_Materials provided_
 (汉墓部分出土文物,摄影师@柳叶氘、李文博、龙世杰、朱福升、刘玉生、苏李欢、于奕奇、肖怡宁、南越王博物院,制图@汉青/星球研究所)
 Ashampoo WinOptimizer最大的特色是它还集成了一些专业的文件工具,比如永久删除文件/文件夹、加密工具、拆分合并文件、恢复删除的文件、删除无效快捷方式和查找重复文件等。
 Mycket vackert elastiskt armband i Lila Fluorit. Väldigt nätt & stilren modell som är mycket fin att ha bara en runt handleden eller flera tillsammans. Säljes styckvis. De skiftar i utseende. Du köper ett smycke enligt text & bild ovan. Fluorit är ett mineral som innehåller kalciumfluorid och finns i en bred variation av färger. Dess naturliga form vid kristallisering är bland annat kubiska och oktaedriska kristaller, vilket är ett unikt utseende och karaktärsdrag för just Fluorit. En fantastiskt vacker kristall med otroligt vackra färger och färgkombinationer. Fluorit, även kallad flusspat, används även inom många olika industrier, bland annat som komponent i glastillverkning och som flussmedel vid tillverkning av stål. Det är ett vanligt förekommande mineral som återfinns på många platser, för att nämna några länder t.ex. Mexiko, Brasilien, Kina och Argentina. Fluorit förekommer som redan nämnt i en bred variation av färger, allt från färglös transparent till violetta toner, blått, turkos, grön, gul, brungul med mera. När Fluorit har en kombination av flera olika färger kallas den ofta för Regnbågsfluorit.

==

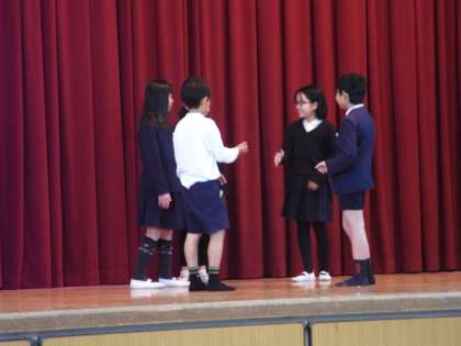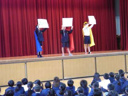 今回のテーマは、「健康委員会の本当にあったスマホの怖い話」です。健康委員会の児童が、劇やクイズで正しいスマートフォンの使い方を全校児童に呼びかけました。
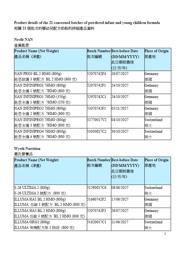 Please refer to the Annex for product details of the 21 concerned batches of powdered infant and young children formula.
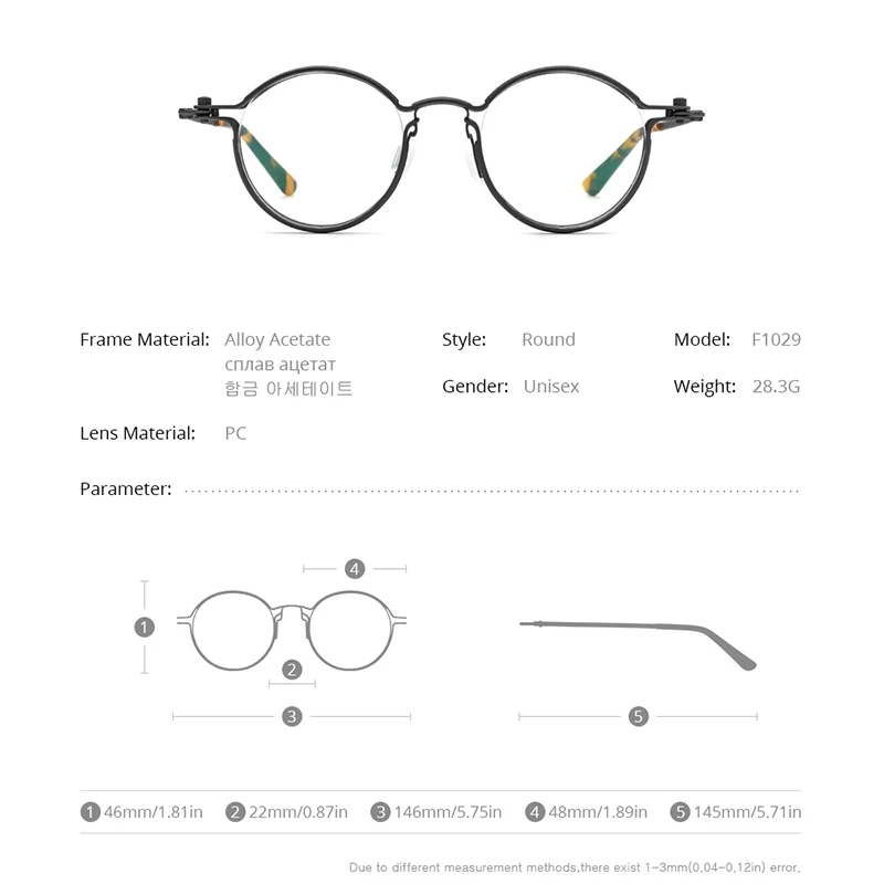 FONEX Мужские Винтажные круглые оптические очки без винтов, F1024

...

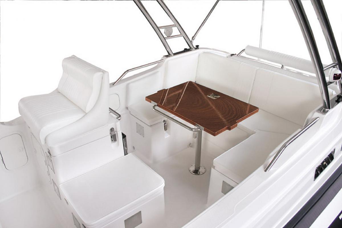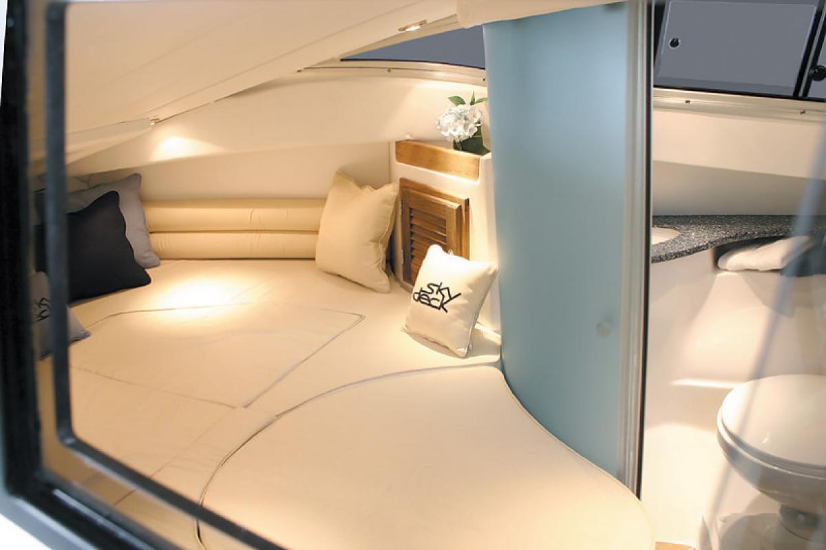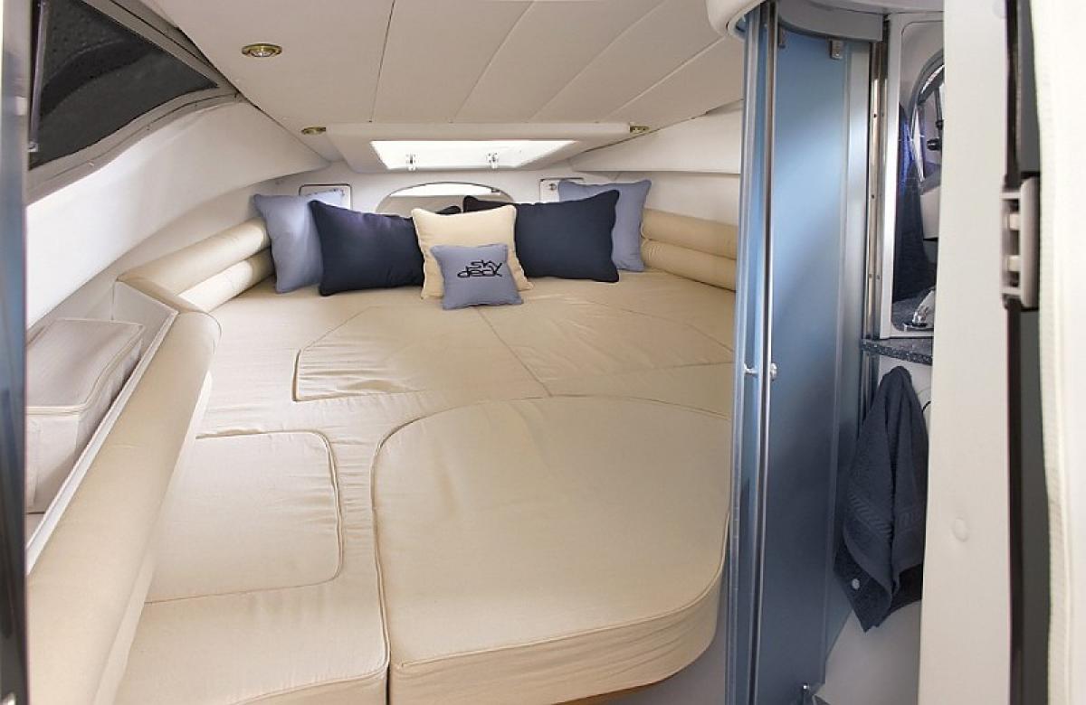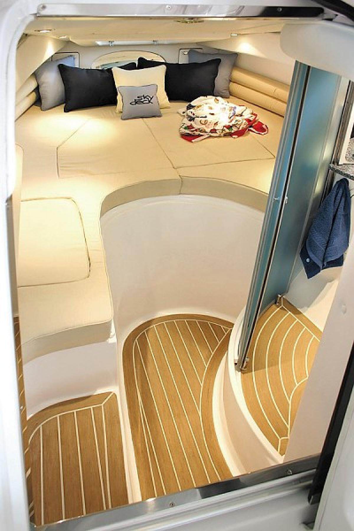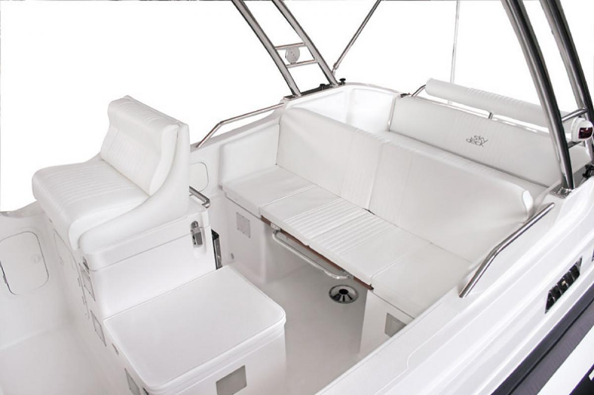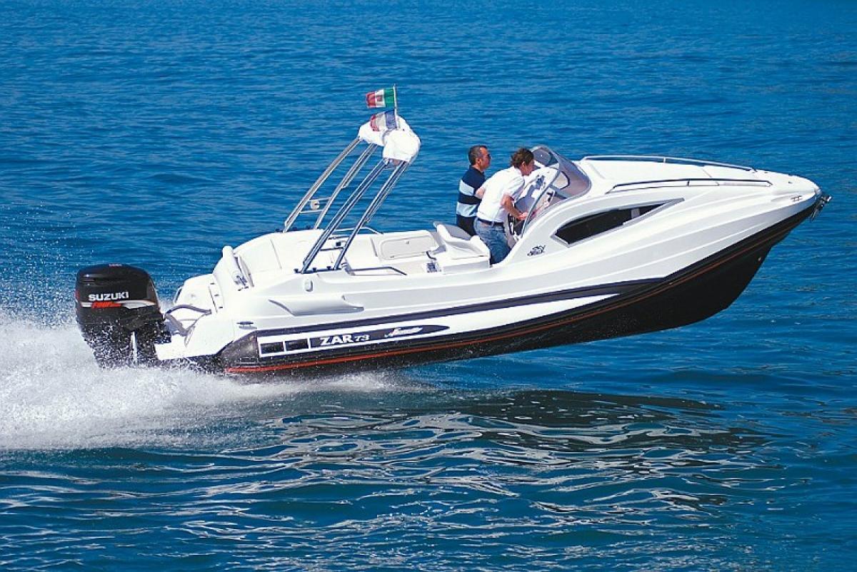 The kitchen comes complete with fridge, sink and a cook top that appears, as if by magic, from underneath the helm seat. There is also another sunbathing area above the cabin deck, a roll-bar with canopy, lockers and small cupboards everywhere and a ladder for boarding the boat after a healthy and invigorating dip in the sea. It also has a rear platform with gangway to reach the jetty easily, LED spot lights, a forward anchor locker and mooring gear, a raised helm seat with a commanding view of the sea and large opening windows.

_Exercise details_
When you reach the line with "(汉墓部分出土文物,摄影师@" in the records above, start writing out lines exactly, and stop once the line with "Mycket vackert elastiskt" has been written; include nothing else.

_Result of the task_
 (汉墓部分出土文物,摄影师@柳叶氘、李文博、龙世杰、朱福升、刘玉生、苏李欢、于奕奇、肖怡宁、南越王博物院,制图@汉青/星球研究所)
 Ashampoo WinOptimizer最大的特色是它还集成了一些专业的文件工具,比如永久删除文件/文件夹、加密工具、拆分合并文件、恢复删除的文件、删除无效快捷方式和查找重复文件等。
 Mycket vackert elastiskt armband i Lila Fluorit. Väldigt nätt & stilren modell som är mycket fin att ha bara en runt handleden eller flera tillsammans. Säljes styckvis. De skiftar i utseende. Du köper ett smycke enligt text & bild ovan. Fluorit är ett mineral som innehåller kalciumfluorid och finns i en bred variation av färger. Dess naturliga form vid kristallisering är bland annat kubiska och oktaedriska kristaller, vilket är ett unikt utseende och karaktärsdrag för just Fluorit. En fantastiskt vacker kristall med otroligt vackra färger och färgkombinationer. Fluorit, även kallad flusspat, används även inom många olika industrier, bland annat som komponent i glastillverkning och som flussmedel vid tillverkning av stål. Det är ett vanligt förekommande mineral som återfinns på många platser, för att nämna några länder t.ex. Mexiko, Brasilien, Kina och Argentina. Fluorit förekommer som redan nämnt i en bred variation av färger, allt från färglös transparent till violetta toner, blått, turkos, grön, gul, brungul med mera. När Fluorit har en kombination av flera olika färger kallas den ofta för Regnbågsfluorit.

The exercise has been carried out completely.